Monday, January 26, 2009

Interest in teeth brushing is more common than in spirituality at the Royal College of Psychiatrists

It has come to my attention that the Royal College of Psychiatrists has a special interest group: Spirituality in Mental Health. This article is from one of the Royal College of Psychiatrists (in London) ex-presidents :

http://www.rcpsych.ac.uk/pdf/ASimsRelationshipEnergy.pdf

You can decide for yourself what kind of "battery" powers him.

Allegedly, this Special Interest Group was allowed to be formed because the Royal College of Psychiatrists constitution allows it if there is sufficient number of people interested to form such a group.

Surely, there are more psychiatrists and patients interested in teeth brushing on daily basis, but there is no such group at the Royal College of Psychiatrists in London! We just get on with this business of teeth brushing in private. Surely, our superstitious beliefs should be kept in private if we are unable to keep them under control.

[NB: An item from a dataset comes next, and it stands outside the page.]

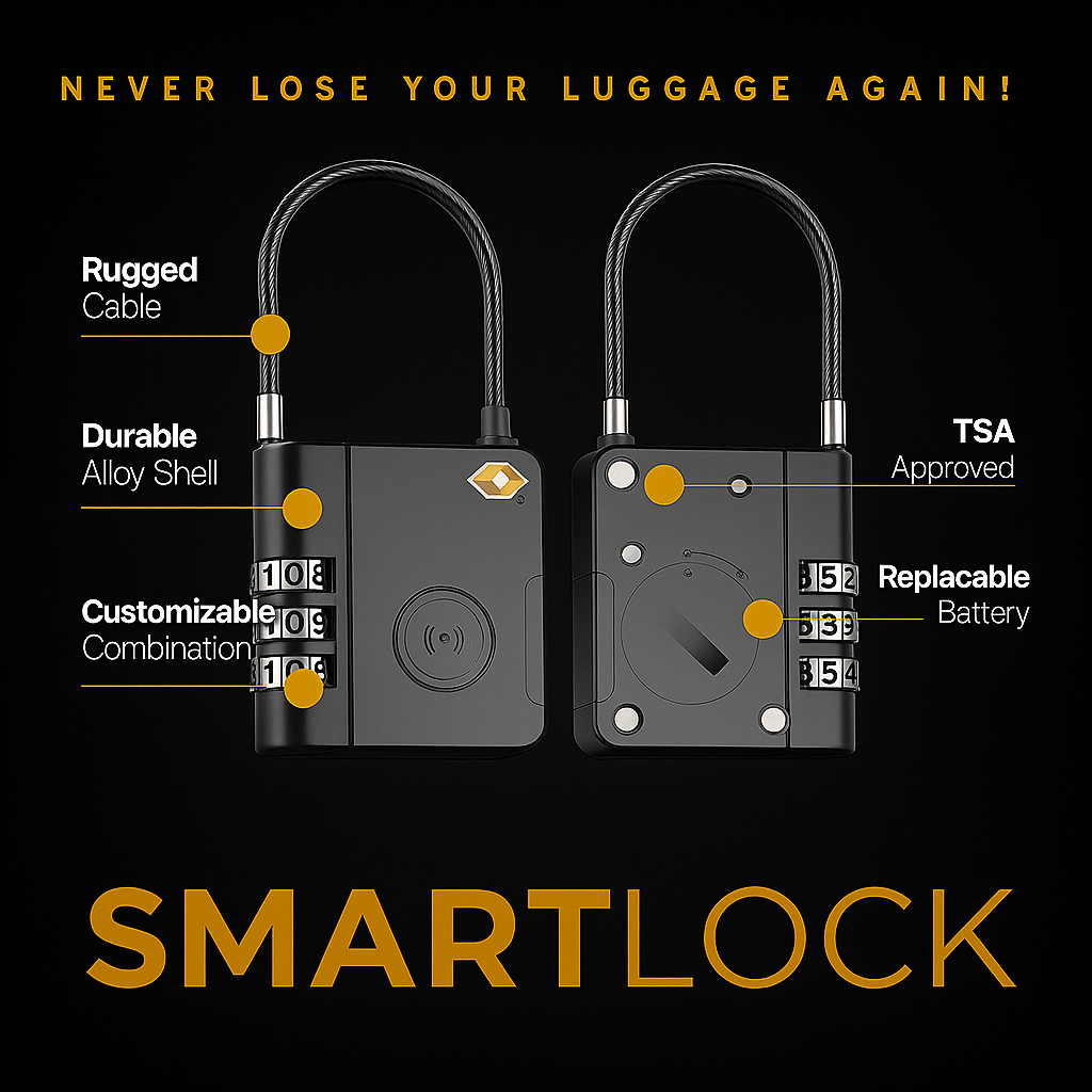 SmartLock goes beyond basic protection — it’s a TSA-approved lock and a smart tracker in one. Built with durable, weather-resistant materials, it safeguards your luggage through turbulence, rain, and rough handling. If someone opens or moves your bag, you’ll know immediately through your phone.

It is hypocritical to recommend to our patients to have cognitive behavioural therapy which addresses personal beliefs while at the same time desperately hanging onto personal superstitions which are also destructive beliefs (sexist for a start, psychopathic and so on).

This reminds me of a joke about a man who was deluded that his tooth brush was a poodle called Fifi. One day his psychiatrist asked him:
"And how is Fifi today?"
He replied:
"It is a tooth brush, not Fifi".
Promptly discharged from psychiatric care he whispered: "Fifi, we are safe now".